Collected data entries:
= = = =
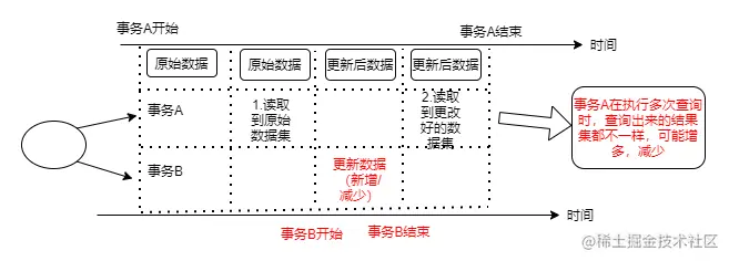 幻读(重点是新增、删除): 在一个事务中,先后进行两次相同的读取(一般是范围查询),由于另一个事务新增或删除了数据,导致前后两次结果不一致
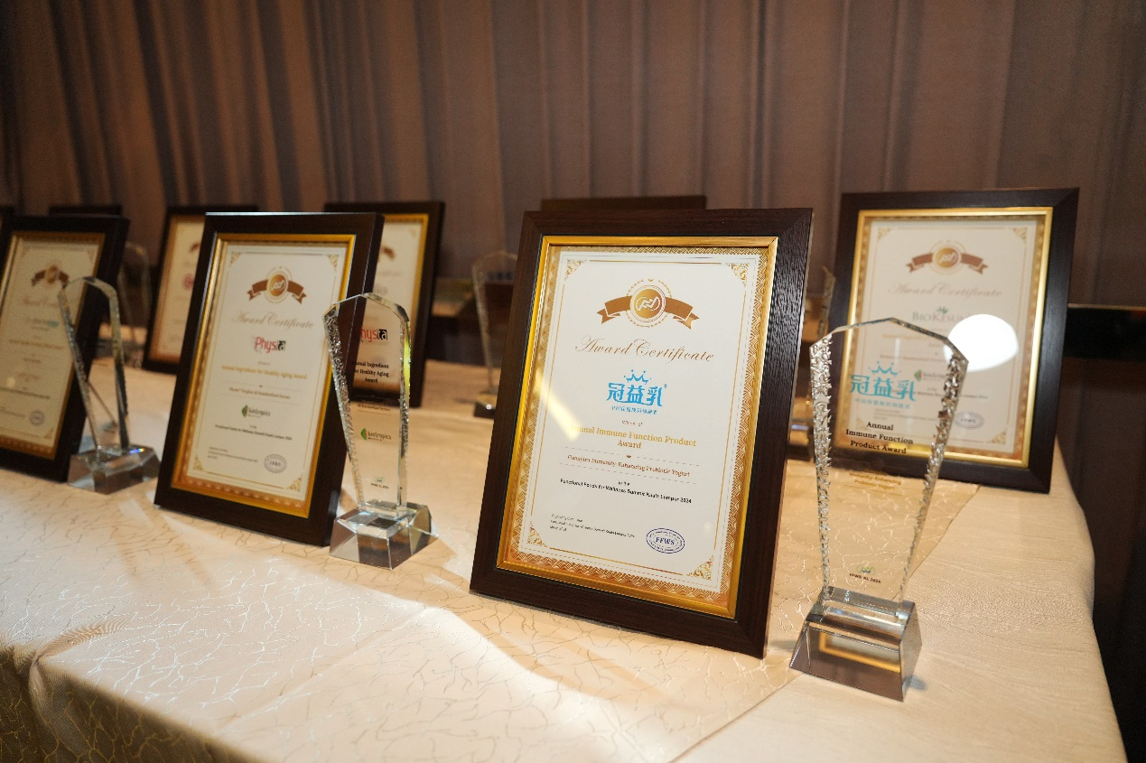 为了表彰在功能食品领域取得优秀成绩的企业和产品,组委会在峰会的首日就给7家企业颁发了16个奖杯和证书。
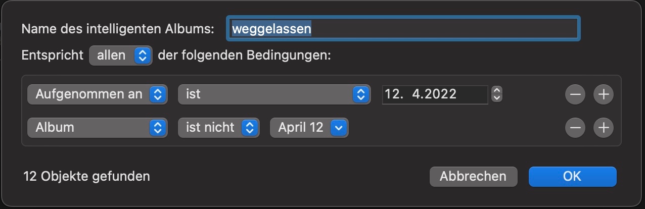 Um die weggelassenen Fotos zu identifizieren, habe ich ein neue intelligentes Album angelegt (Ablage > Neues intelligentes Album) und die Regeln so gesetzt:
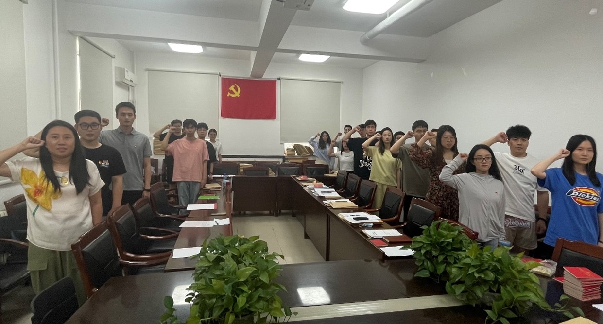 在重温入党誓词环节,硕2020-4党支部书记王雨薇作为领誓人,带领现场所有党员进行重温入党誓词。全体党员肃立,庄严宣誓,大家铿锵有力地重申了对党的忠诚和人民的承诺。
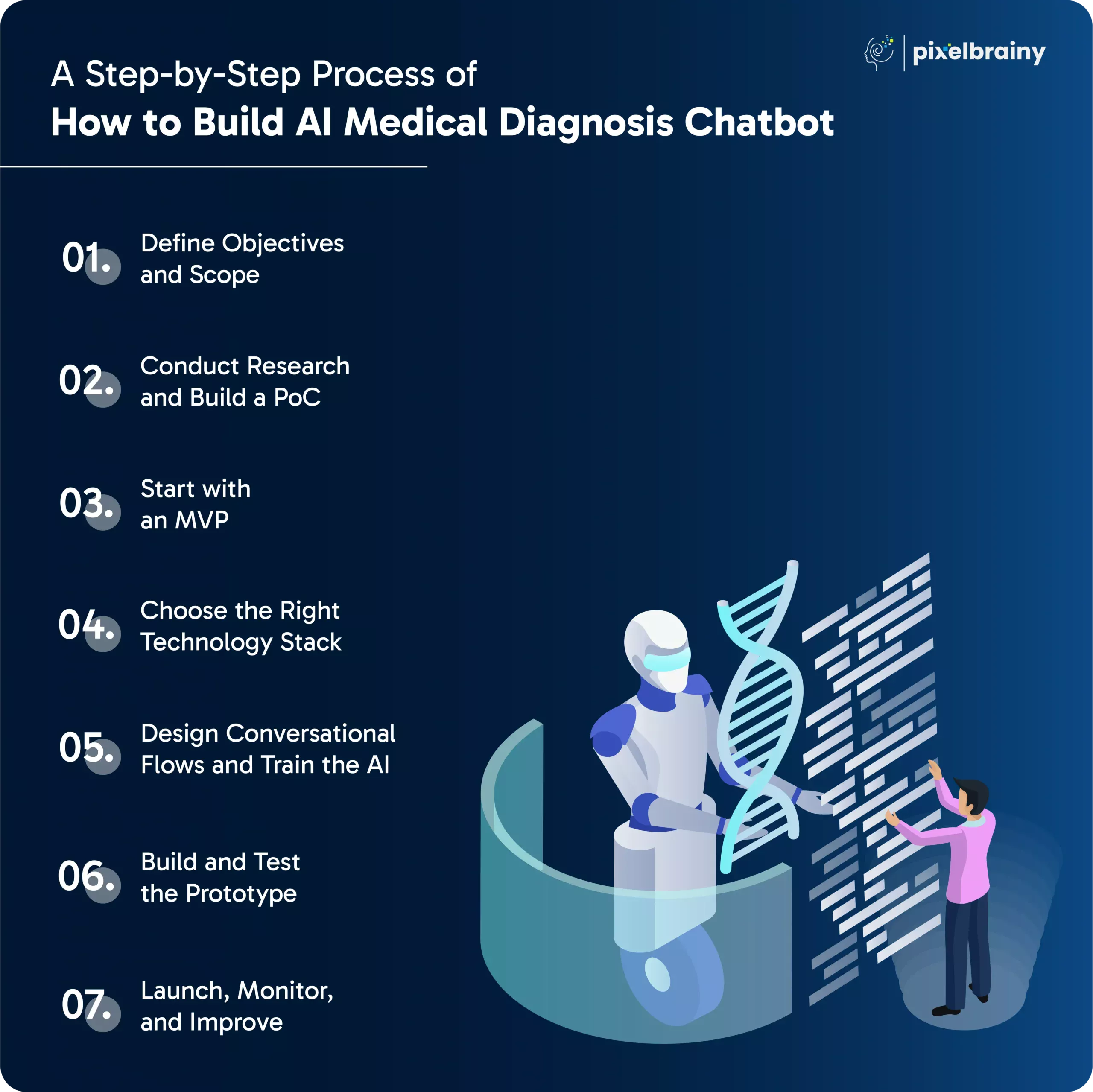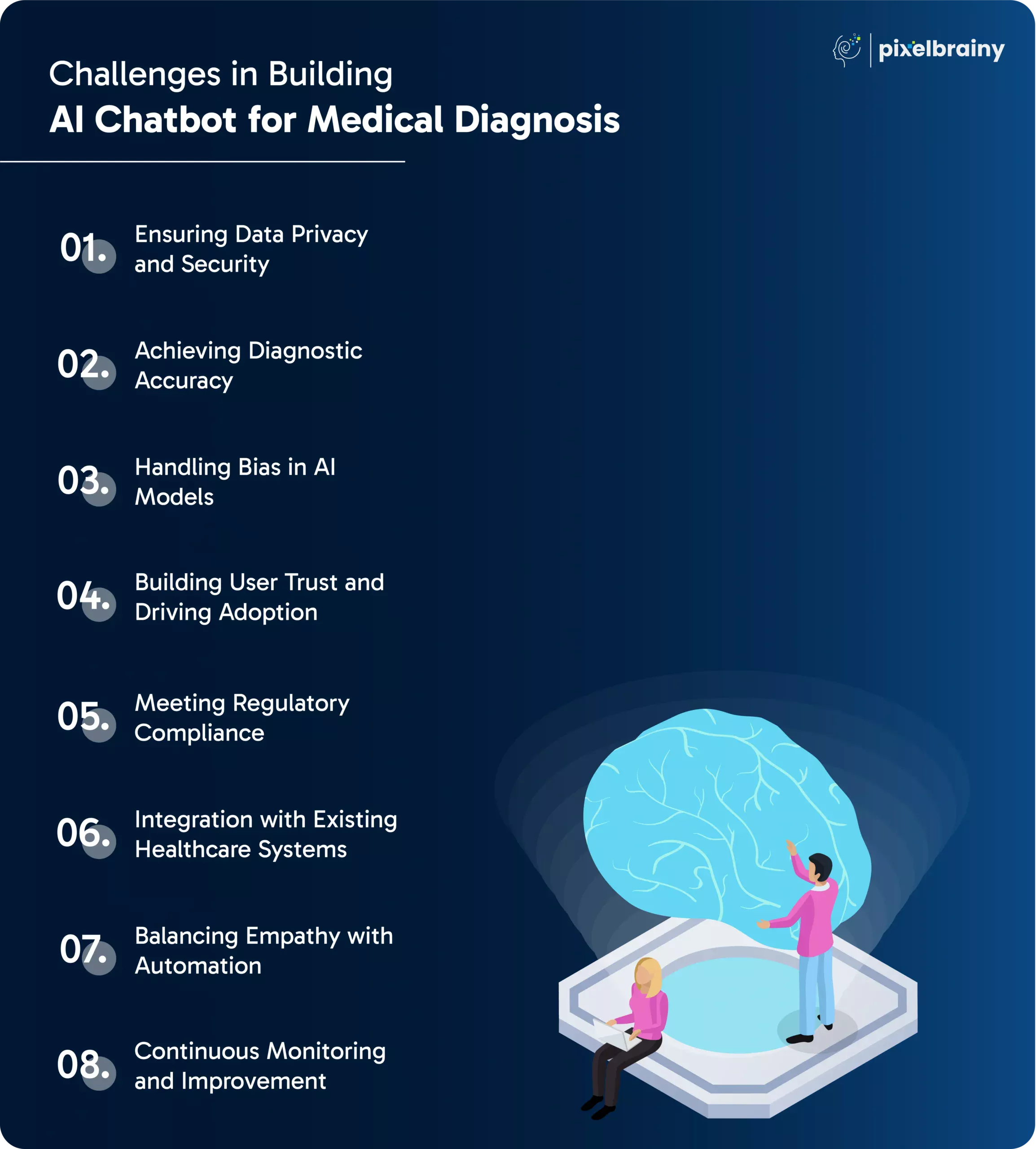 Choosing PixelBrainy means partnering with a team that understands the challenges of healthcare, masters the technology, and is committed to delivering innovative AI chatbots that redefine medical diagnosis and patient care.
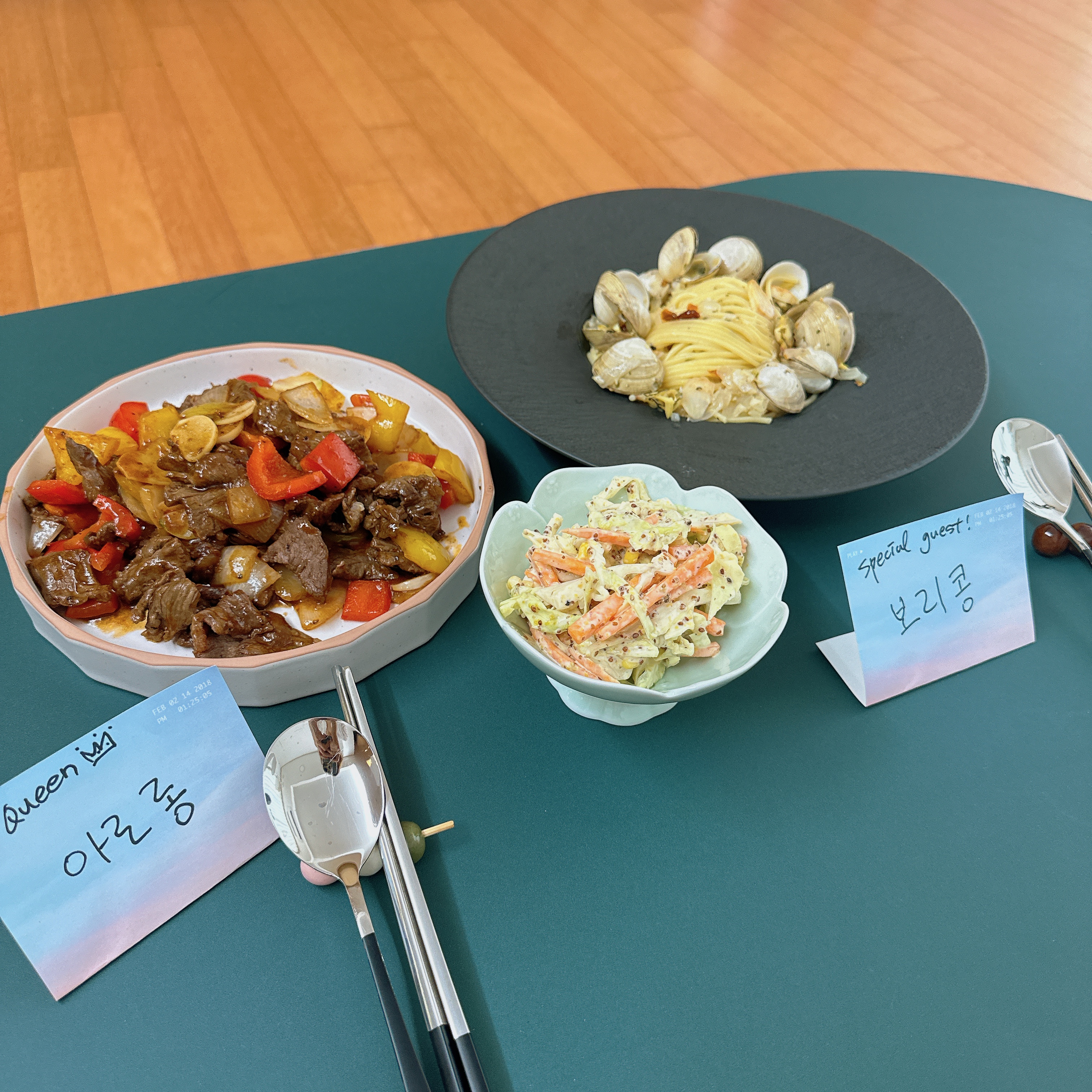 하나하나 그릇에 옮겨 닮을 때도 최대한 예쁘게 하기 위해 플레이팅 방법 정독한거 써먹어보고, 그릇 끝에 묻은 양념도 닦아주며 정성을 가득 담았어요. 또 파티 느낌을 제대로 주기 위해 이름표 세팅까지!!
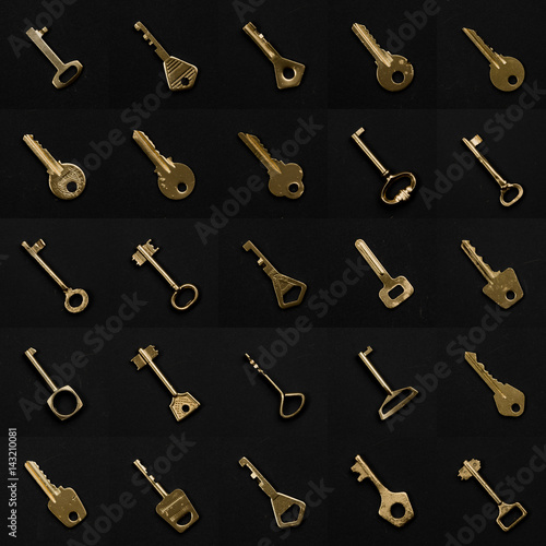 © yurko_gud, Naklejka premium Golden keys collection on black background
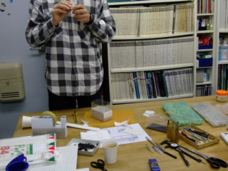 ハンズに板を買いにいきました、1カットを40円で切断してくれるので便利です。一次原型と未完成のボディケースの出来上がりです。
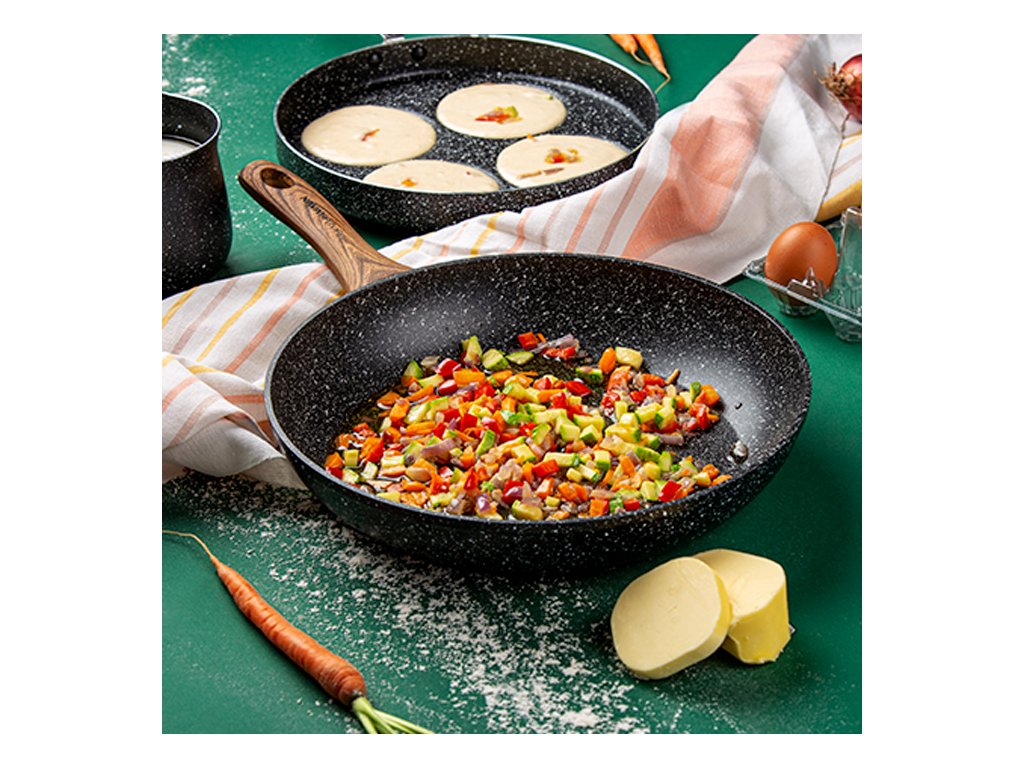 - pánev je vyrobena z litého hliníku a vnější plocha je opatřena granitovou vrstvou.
= = = =
Exercise: Each entry should be output word for word, with no pictures carried over.

Answer section:
 幻读(重点是新增、删除): 在一个事务中,先后进行两次相同的读取(一般是范围查询),由于另一个事务新增或删除了数据,导致前后两次结果不一致
 为了表彰在功能食品领域取得优秀成绩的企业和产品,组委会在峰会的首日就给7家企业颁发了16个奖杯和证书。
 Um die weggelassenen Fotos zu identifizieren, habe ich ein neue intelligentes Album angelegt (Ablage > Neues intelligentes Album) und die Regeln so gesetzt:
 在重温入党誓词环节,硕2020-4党支部书记王雨薇作为领誓人,带领现场所有党员进行重温入党誓词。全体党员肃立,庄严宣誓,大家铿锵有力地重申了对党的忠诚和人民的承诺。
 Choosing PixelBrainy means partnering with a team that understands the challenges of healthcare, masters the technology, and is committed to delivering innovative AI chatbots that redefine medical diagnosis and patient care.
 하나하나 그릇에 옮겨 닮을 때도 최대한 예쁘게 하기 위해 플레이팅 방법 정독한거 써먹어보고, 그릇 끝에 묻은 양념도 닦아주며 정성을 가득 담았어요. 또 파티 느낌을 제대로 주기 위해 이름표 세팅까지!!
 © yurko_gud, Naklejka premium Golden keys collection on black background
 ハンズに板を買いにいきました、1カットを40円で切断してくれるので便利です。一次原型と未完成のボディケースの出来上がりです。
 - pánev je vyrobena z litého hliníku a vnější plocha je opatřena granitovou vrstvou.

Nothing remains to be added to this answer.